The Bitcoin developer team has implicitly acknowledged the problem of verifying fast payments, telling users that they don't need to wait to verify payments as long as the transaction is posted in the network[1]. Transactions that pass this validation are called Zero Confirmation Transactions, which do not exist in the blockchain and refer to the state of a transaction before it is broadcast to the entire network and is about to be packaged into a block. It refers to the state of a transaction before it is broadcast across the network and is about to be packaged into a block. The seller of a transaction delivers goods or services without waiting for the transaction to be confirmed by a node in the blockchain network, but the seller must trust that the buyer will not attempt to spend the same bitcoin elsewhere until the transaction is recorded by another node in the blockchain. While "zero-confirmation transactions" do increase the speed of transactions and adapt Bitcoin to fast payment scenarios, there is a risk of "double-spend attacks" by malicious payers, as both the Bitcoin and Ether systems have been subject to. "Double-spend attacks.

To prevent "double spend attacks" Bitcoin officially recommends waiting for 6 blocks to be generated after the transaction block is completed to confirm the transaction, and due to the anonymity of the user, it is difficult to find the payer again after the quick payment for goods or services leaves the scene. Therefore, it is necessary and urgent to study the fast payment protocol for bitcoin. Based on the fact that the real micro-payment flow is becoming more and more intensive, and the requirements of both parties for transaction efficiency are getting higher and higher, studying a new fast payment protocol to make bitcoin transactions realize instant payment can make bitcoin transactions more and more convenient, and can allow some goods that need instant payment to be included in the scope of bitcoin payment, solving the blind spot caused by the payment delay This will solve the application blindness caused by payment delays.

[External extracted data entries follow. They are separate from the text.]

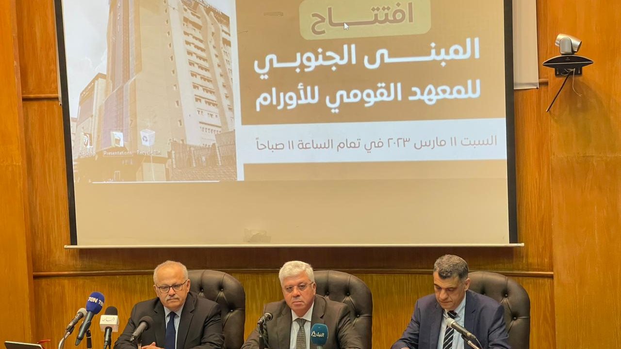 ويفتتح المبنى الجنوبي للمعهد القومي للأورام الدكتور أيمن عاشور وزير التعليم العالي والبحث العلمي، والدكتور محمد عثمان الخشت ورئيس جامعة القاهرة، والدكتور معهد عبد المعطي عميد معهد الأورام والدكتور طارق خيري وكيل المعهد والدكتور حسام عبد الغفار امين المجلس الاعلى للمستشفيات الجامعية.
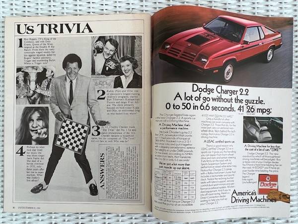 Vintage US Magazine - December 8, 1981. John Lennon, Yoko Ono, Matt Dillon, Rick James, Landers Sisters, Erin Moran and more. Rare. VERY GOOD condition. Newsstand issue / no label. 80 pages. No...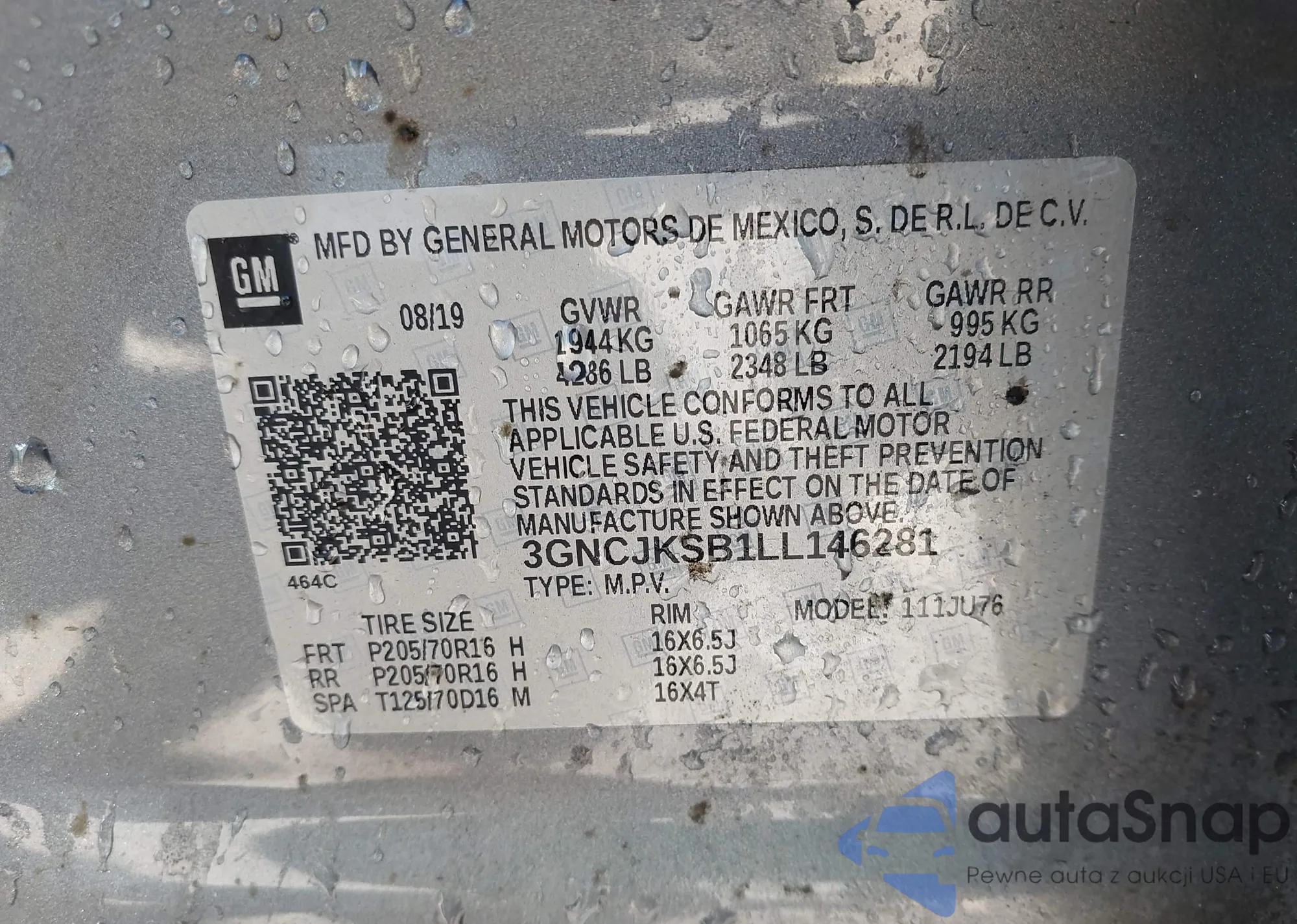 LOT: 44129602 VIN: KL7CJLSB2LB352898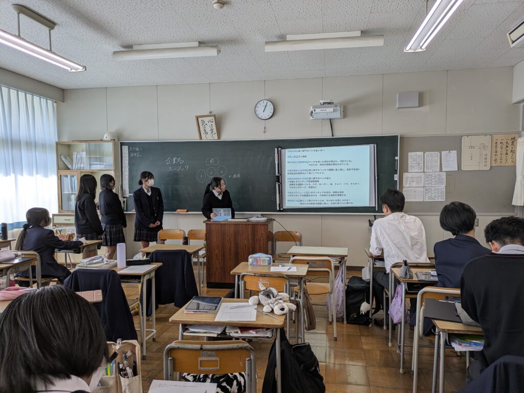 焼津高校2年生が、総合的な探究の学習の「ビジネスミッション」の単元における中間発表を行いました。
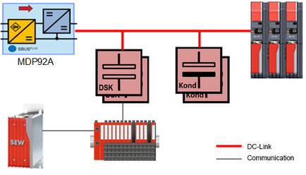 Dabei können Energiespeicher zum Einsatz kommen, die entweder ungeregelt im Zwischenkreis verbaut sind oder mittels MDE90A an den Zwischenkreis angekoppelt werden. Folgende Grafik zeigt eine entsprechende Beispieltopologie: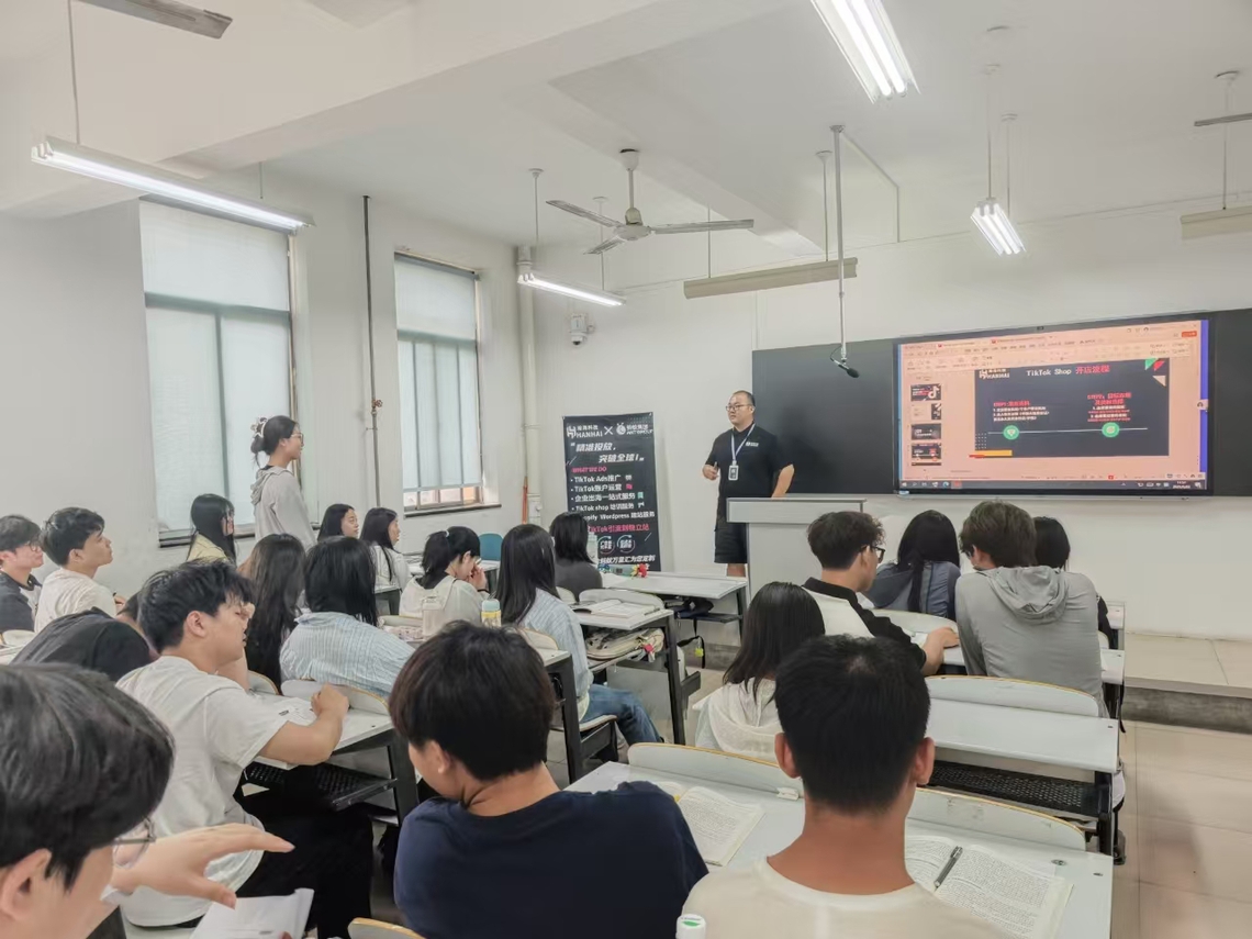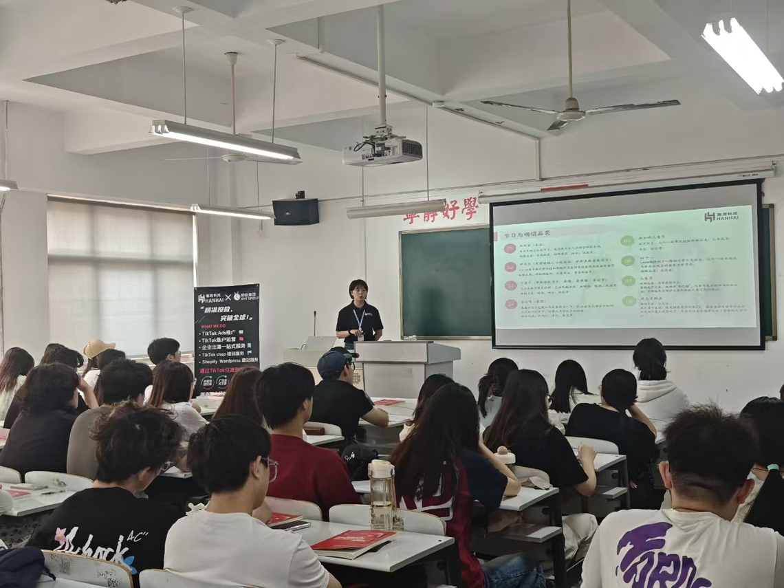 在TikTok专题,瀚海科技运营总监于丽柯凭借丰富的行业经验,从企业运营角度介绍TikTok在全球跨境电商市场的重要地位与发展趋势,并以TikTok海外东南亚市场为例,详细解释TikTok平台的独特算法、用户画像及与其他跨境电商平台的差异,让学生们清晰认识到该平台在拓展东南亚市场方面的巨大潜力。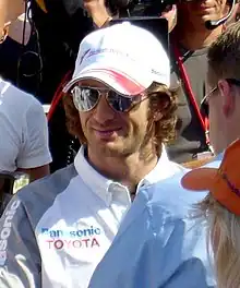 He qualified on the front row alongside pole-sitter Felipe Massa for the season-ending Brazilian Grand Prix, which was to decide the 2008 world championship between Massa and Lewis Hamilton.[40] During the race, Trulli had several close shaves in the changeable weather conditions, and eventually finished 8th. His teammate Glock played a pivotal part in the title outcome as he was passed by Hamilton on the last corner of the race, which gave the Englishman the championship by one point from Massa, who won easily.[41] Trulli finished the 8th in Drivers' Championship standings, collecting 31 points, 4 more than his teammate.[42]

Bitcoin is a distributed P2P payment system first proposed by Satoshi Nakamoto in 2008[2]. Each user first generates a local public-private key pair to create an account and uses the public key to generate the corresponding bitcoin address through the SHA256 hash function and RIPEMD160 hash function successively, and then through the Base58Check encoding, both sides of the transaction use the bitcoin address (generated by the public key) as the identity in the transaction, and whoever has the private key indicates who has the Whoever has the private key has the right to dispose of the bitcoins at that address (i.e., can transfer bitcoins from that bitcoin address to another bitcoin address). The Bitcoin system is essentially a transaction-driven state machine, where the state of the entire Bitcoin system is constantly changing through the blockchain's constant determination of transactions. Typically, for account security and anonymity, each bitcoin user has several different bitcoin addresses, which are stored and managed by their wallet.

A transaction between users is divided into an input and an output. In the input section, the source of the bitcoin, the unlock script ScriptSig (usually a digital signature and public/public key hash proving ownership of the bitcoin), and the sequence number need to be included, and there is usually multiple outputs. 's public/public key hash), and by running the unlock script and lock script separately, any node in the Bitcoin network can verify the legitimacy of the transaction. In short, a transaction is informing the entire network that this part of the bitcoin holder is authorized to transfer it to a new holder, who can spend the bitcoin held by creating a new transaction, which in turn authorizes the bitcoin again to another holder, and so on, passing it on in a chain of owners.

For all nodes in the Bitcoin system to reach consensus, the Bitcoin system relies on a hash-based PoW (Proof-of-work) scheme. More specifically, to generate a block, a Bitcoin node must find a random number nonce value that makes the hash of the block header smaller than a given target value. The block header contains the version number, the previous block hash, a timestamp, the Merkle tree root hash (used to verify transactions within the block), the random number nonce, and the target hash.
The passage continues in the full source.